• YOUR GOAL: Give all of the data below again exactly, and drop the images.
[COLLECTED MATERIAL — start]
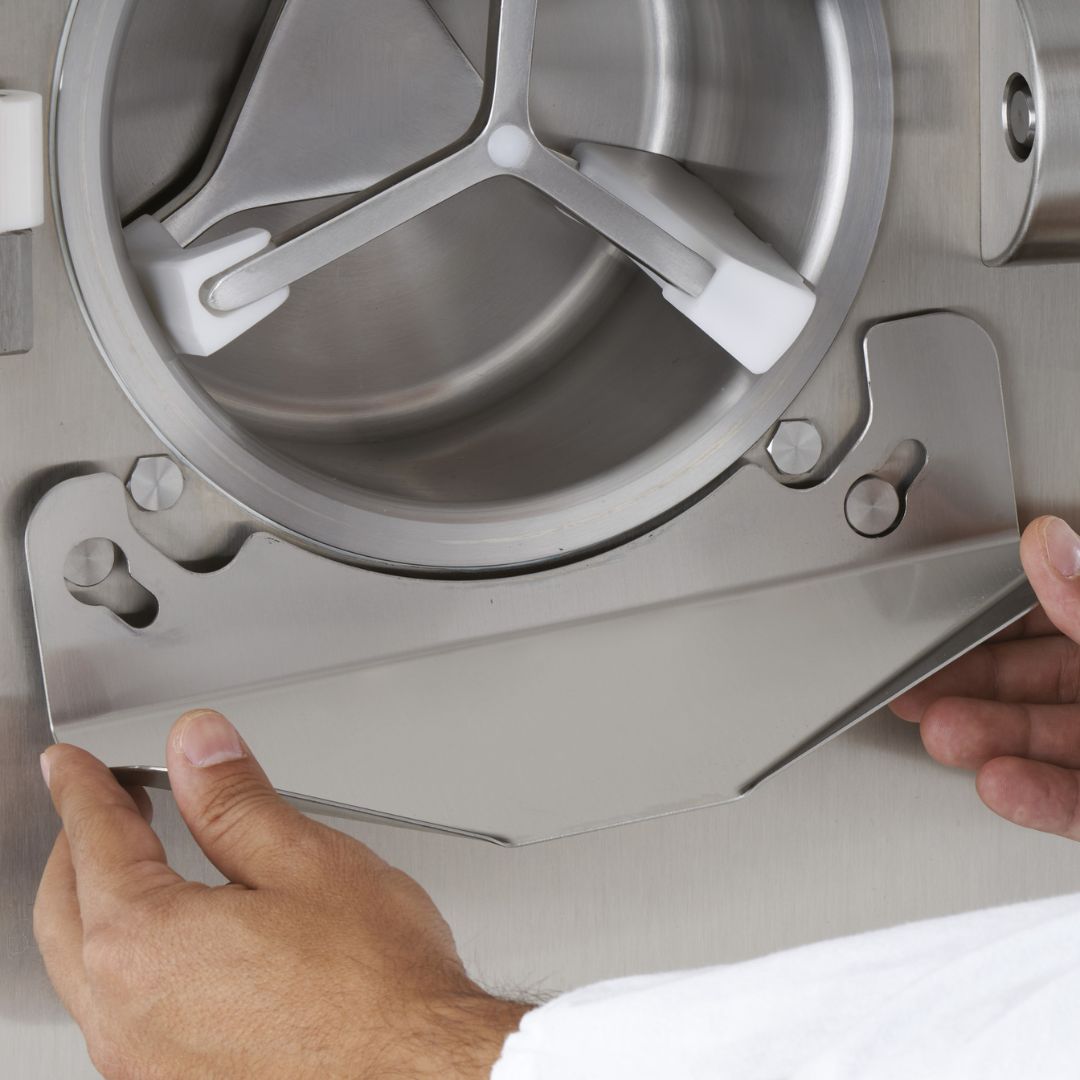 Agitateur POM: L’agitateur est sans arbre central avec des pales démontables en POM, impénétrable au froid, pour permettre l’extraction intégrale de la glace.
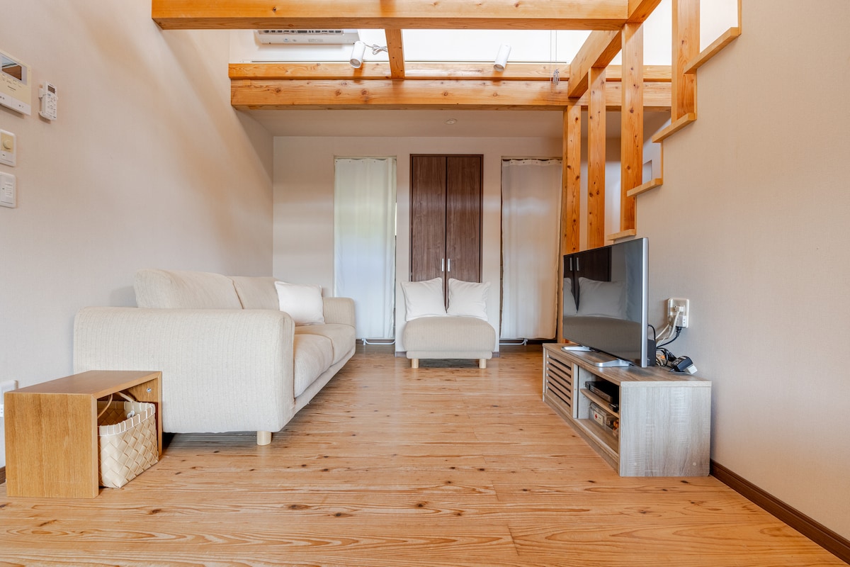 Amami Oshima, patrimonio de la humanidad A 15 minutos en coche del aeropuerto de Amami. Casa privada en la popular zona de Ryugocho, pueblo de Akoagi El calor de la brisa El techo es alto y las 4 habitaciones y el baño son espaciosos y perfectos para relajarse. La cocina es fácil de usar y puedes disfrutar cocinando Cultivamos hierbas y plantas únicas de la isla en el jardín🌿 Úsalo para cocinar, etc. A 4 minutos a pie del mar cercano (es posible que puedas encontrarte con tortugas marinas) Es un mar tranquilo y calmado con el que es fácil jugar para los niños. Snorkel en el mar azul. Cascadas ocultas, juega en el río Siente el amanecer y despierta con el sonido de los pájaros Contempla la hermosa puesta de sol Si miras al cielo nocturno, puedes ver el cielo estrellado. ¿Te interesa la increíble naturaleza de Amami Oshima? ・ ・ Vive como un habitante más. Ponte cómodo y relájate Una familia propietaria de Amami estará atenta * Valoramos el servicio y la comunicación con nuestros huéspedes, por lo que recomendamos reservar 2 noches o más. El espacio Sala de estar, cocina, dormitorio de estilo occidental, dormitorio de estilo japonés, dormitorio loft, baño, 2 aseos, terraza de madera
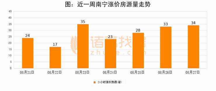 根据诸葛找房数据显示,南宁24小时涨价房源量为34套,较08月26日增加1套,环比上涨3%。与此同时,涨价房源占比小幅扩大,业主信心有所提升。
[COLLECTED MATERIAL — finish]
• RESULT FOR THIS EXERCISE:
 Agitateur POM: L’agitateur est sans arbre central avec des pales démontables en POM, impénétrable au froid, pour permettre l’extraction intégrale de la glace.
 Amami Oshima, patrimonio de la humanidad A 15 minutos en coche del aeropuerto de Amami. Casa privada en la popular zona de Ryugocho, pueblo de Akoagi El calor de la brisa El techo es alto y las 4 habitaciones y el baño son espaciosos y perfectos para relajarse. La cocina es fácil de usar y puedes disfrutar cocinando Cultivamos hierbas y plantas únicas de la isla en el jardín🌿 Úsalo para cocinar, etc. A 4 minutos a pie del mar cercano (es posible que puedas encontrarte con tortugas marinas) Es un mar tranquilo y calmado con el que es fácil jugar para los niños. Snorkel en el mar azul. Cascadas ocultas, juega en el río Siente el amanecer y despierta con el sonido de los pájaros Contempla la hermosa puesta de sol Si miras al cielo nocturno, puedes ver el cielo estrellado. ¿Te interesa la increíble naturaleza de Amami Oshima? ・ ・ Vive como un habitante más. Ponte cómodo y relájate Una familia propietaria de Amami estará atenta * Valoramos el servicio y la comunicación con nuestros huéspedes, por lo que recomendamos reservar 2 noches o más. El espacio Sala de estar, cocina, dormitorio de estilo occidental, dormitorio de estilo japonés, dormitorio loft, baño, 2 aseos, terraza de madera
 根据诸葛找房数据显示,南宁24小时涨价房源量为34套,较08月26日增加1套,环比上涨3%。与此同时,涨价房源占比小幅扩大,业主信心有所提升。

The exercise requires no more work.